**Given entries:**

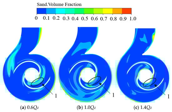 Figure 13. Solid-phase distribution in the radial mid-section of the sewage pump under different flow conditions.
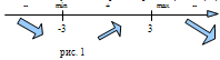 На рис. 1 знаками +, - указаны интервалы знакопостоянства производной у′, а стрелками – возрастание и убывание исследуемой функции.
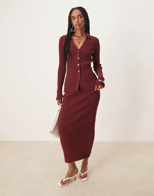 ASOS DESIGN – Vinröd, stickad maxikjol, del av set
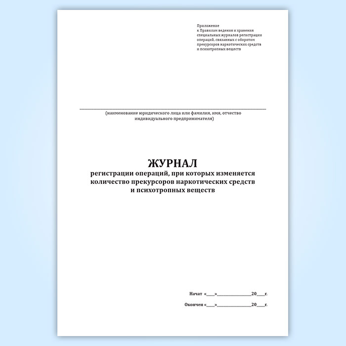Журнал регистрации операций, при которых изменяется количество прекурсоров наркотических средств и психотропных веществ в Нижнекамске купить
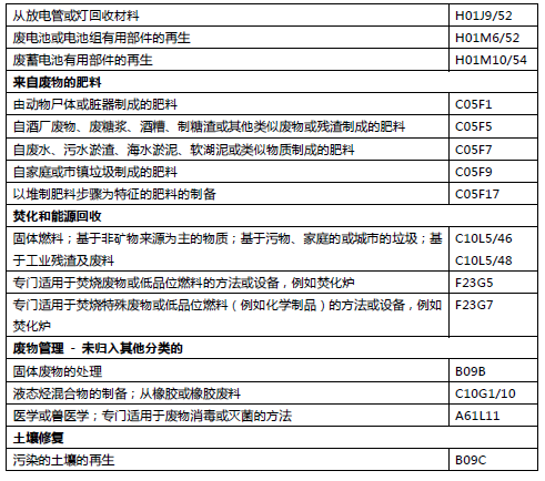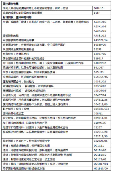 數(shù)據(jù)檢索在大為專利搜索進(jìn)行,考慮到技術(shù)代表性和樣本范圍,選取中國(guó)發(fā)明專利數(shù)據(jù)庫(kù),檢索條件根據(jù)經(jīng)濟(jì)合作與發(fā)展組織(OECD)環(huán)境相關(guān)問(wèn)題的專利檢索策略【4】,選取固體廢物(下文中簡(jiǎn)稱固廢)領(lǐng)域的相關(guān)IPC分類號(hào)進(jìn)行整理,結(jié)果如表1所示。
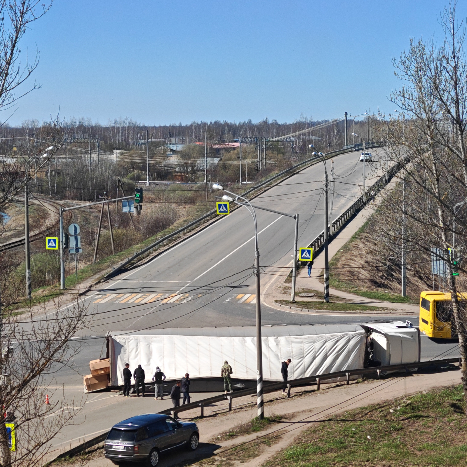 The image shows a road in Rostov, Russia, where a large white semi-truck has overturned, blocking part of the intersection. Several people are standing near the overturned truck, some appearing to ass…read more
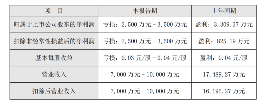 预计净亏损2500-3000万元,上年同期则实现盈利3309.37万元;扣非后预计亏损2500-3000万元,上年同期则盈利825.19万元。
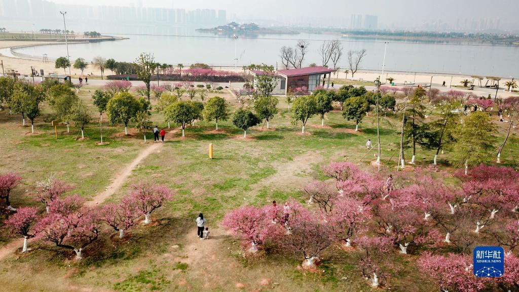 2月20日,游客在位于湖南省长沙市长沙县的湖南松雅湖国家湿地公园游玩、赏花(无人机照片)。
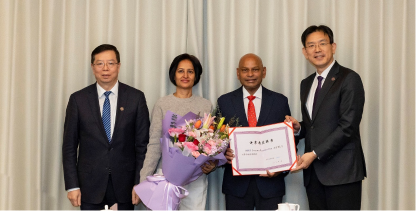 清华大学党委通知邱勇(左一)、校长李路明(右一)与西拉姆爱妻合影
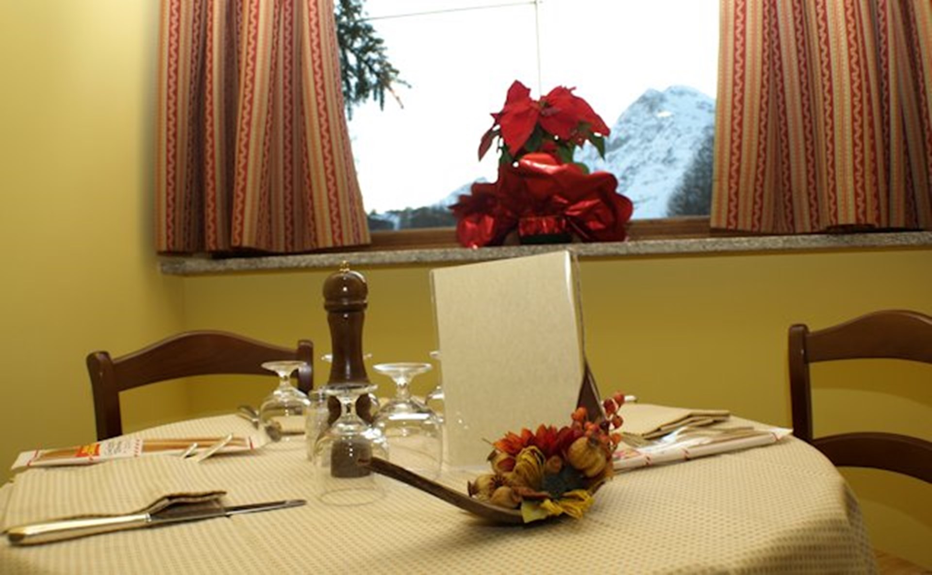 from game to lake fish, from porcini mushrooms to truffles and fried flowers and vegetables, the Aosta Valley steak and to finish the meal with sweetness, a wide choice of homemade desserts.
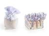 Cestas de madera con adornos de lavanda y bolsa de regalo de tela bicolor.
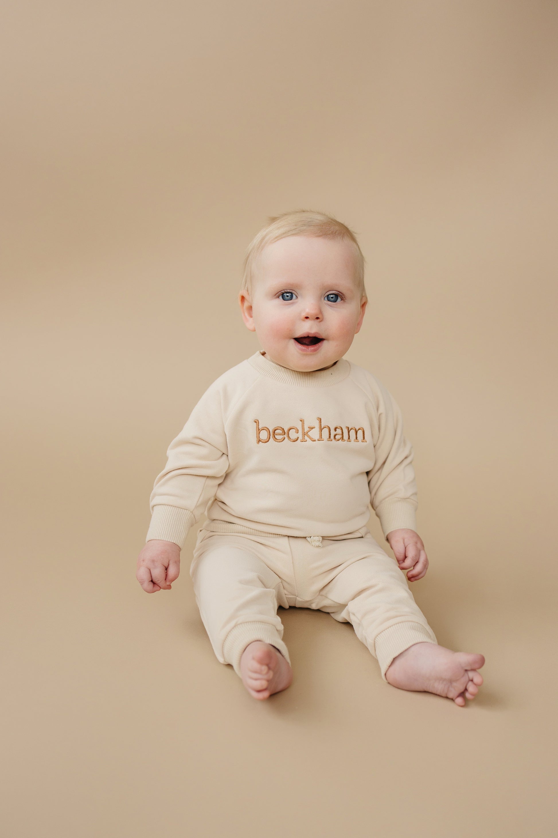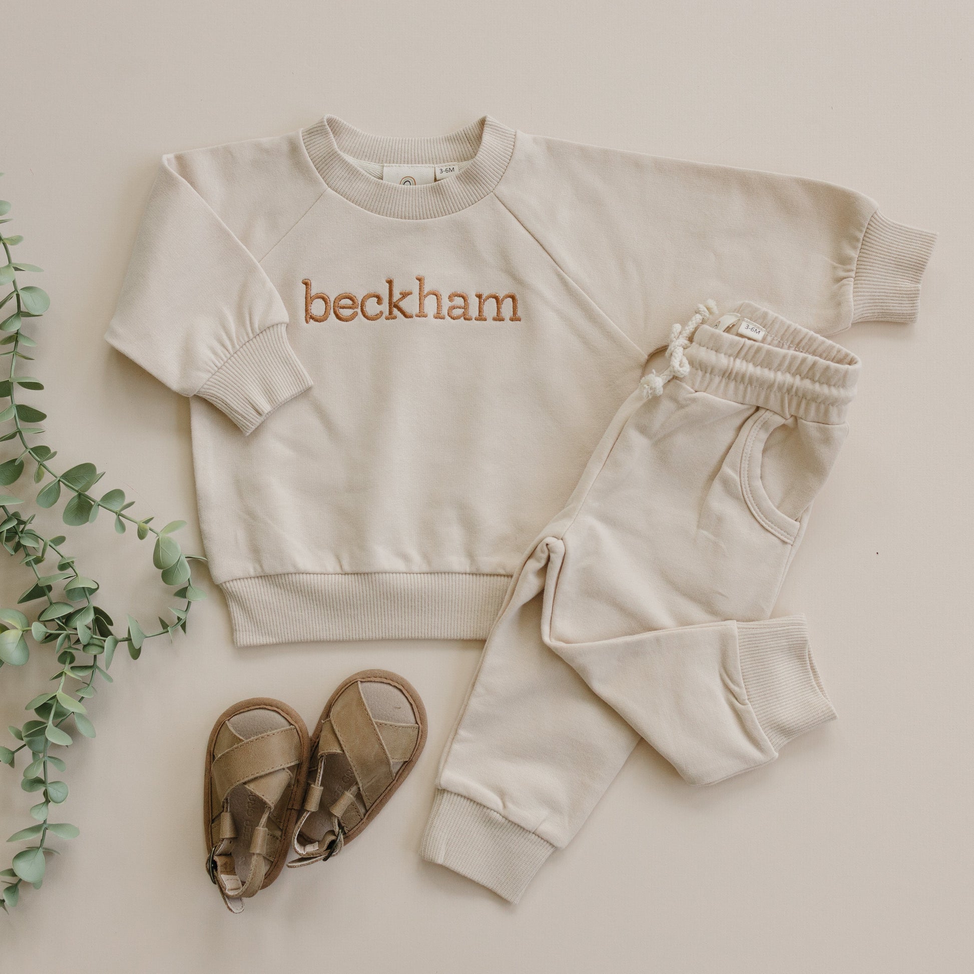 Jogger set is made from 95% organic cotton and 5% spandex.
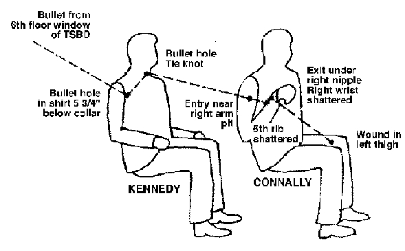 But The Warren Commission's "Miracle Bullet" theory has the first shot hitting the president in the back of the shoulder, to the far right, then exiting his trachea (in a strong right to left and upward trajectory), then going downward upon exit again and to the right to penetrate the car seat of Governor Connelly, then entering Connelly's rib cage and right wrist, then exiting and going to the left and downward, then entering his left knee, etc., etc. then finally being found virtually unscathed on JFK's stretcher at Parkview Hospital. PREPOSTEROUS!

**Exercise brief:** Would you copy all the material exactly, dropping the pictures?

**Answer for this exercise:**
 Figure 13. Solid-phase distribution in the radial mid-section of the sewage pump under different flow conditions.
 На рис. 1 знаками +, - указаны интервалы знакопостоянства производной у′, а стрелками – возрастание и убывание исследуемой функции.
 ASOS DESIGN – Vinröd, stickad maxikjol, del av set
Журнал регистрации операций, при которых изменяется количество прекурсоров наркотических средств и психотропных веществ в Нижнекамске купить
 數(shù)據(jù)檢索在大為專利搜索進(jìn)行,考慮到技術(shù)代表性和樣本范圍,選取中國(guó)發(fā)明專利數(shù)據(jù)庫(kù),檢索條件根據(jù)經(jīng)濟(jì)合作與發(fā)展組織(OECD)環(huán)境相關(guān)問(wèn)題的專利檢索策略【4】,選取固體廢物(下文中簡(jiǎn)稱固廢)領(lǐng)域的相關(guān)IPC分類號(hào)進(jìn)行整理,結(jié)果如表1所示。
 The image shows a road in Rostov, Russia, where a large white semi-truck has overturned, blocking part of the intersection. Several people are standing near the overturned truck, some appearing to ass…read more
 预计净亏损2500-3000万元,上年同期则实现盈利3309.37万元;扣非后预计亏损2500-3000万元,上年同期则盈利825.19万元。
 2月20日,游客在位于湖南省长沙市长沙县的湖南松雅湖国家湿地公园游玩、赏花(无人机照片)。
 清华大学党委通知邱勇(左一)、校长李路明(右一)与西拉姆爱妻合影
 from game to lake fish, from porcini mushrooms to truffles and fried flowers and vegetables, the Aosta Valley steak and to finish the meal with sweetness, a wide choice of homemade desserts.
 Cestas de madera con adornos de lavanda y bolsa de regalo de tela bicolor.
 Jogger set is made from 95% organic cotton and 5% spandex.
 But The Warren Commission's "Miracle Bullet" theory has the first shot hitting the president in the back of the shoulder, to the far right, then exiting his trachea (in a strong right to left and upward trajectory), then going downward upon exit again and to the right to penetrate the car seat of Governor Connelly, then entering Connelly's rib cage and right wrist, then exiting and going to the left and downward, then entering his left knee, etc., etc. then finally being found virtually unscathed on JFK's stretcher at Parkview Hospital. PREPOSTEROUS!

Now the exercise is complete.